Representative images of selected FTIR parameters in a/a and A^y/a mouse bone for (A) cortical collagen maturity, (B) whole proximal femur collagen maturity, (C) trabecular collagen maturity, and (D) whole proximal femur mineral:matrix ratio. Scale bars indicate 50 μm in cortical and trabecular images and 500 μm in whole-proximal-femur images.

High-performance liquid chromatography

High-performance liquid chromatography (HPLC) was used to quantify the AGE pentosidine in the whole proximal femur. The enzymatic crosslinks HP and LP were quantified as secondary outcomes.

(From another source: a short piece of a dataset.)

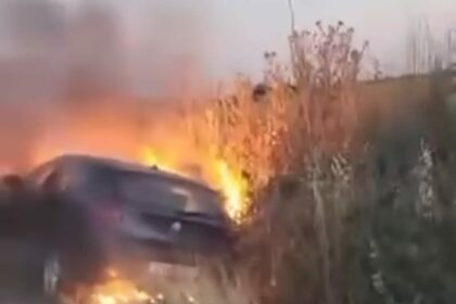 BMW făcut scrum pe un drum din Dolj. Șoferul era băut și a ieșit de pe carosabil

Following completion of FTIR imaging, the proximal femurs were de-embedded from PMMA through agitation in methyl acetate for 3 days, with a solution change every 24 hours. After de-embedding, the femurs were agitated in 100% acetone (24 hours), 100% ethanol (24 hours), and isopropyl ether (3×, 15 min). After rinsing with deionized (DI) water, the femurs were lyophilized then hydrolyzed in 6N HCl at 110°C for 18 hours. The hydrolysates were dried in a vacuum centrifuge (Speed Vac SC110A; Savant, Farmingdale, NY, USA) then resuspended in an internal standard solution containing 10nM pyridoxine and 2.4μM homoarginine; 30 μL of internal standard solution was added for every mg of dried bone. The resuspended samples were filtered, then diluted 1:5 with 10% acetonitrile (vol/vol) and 0.5% heptafluorobutyric acid (vol/vol).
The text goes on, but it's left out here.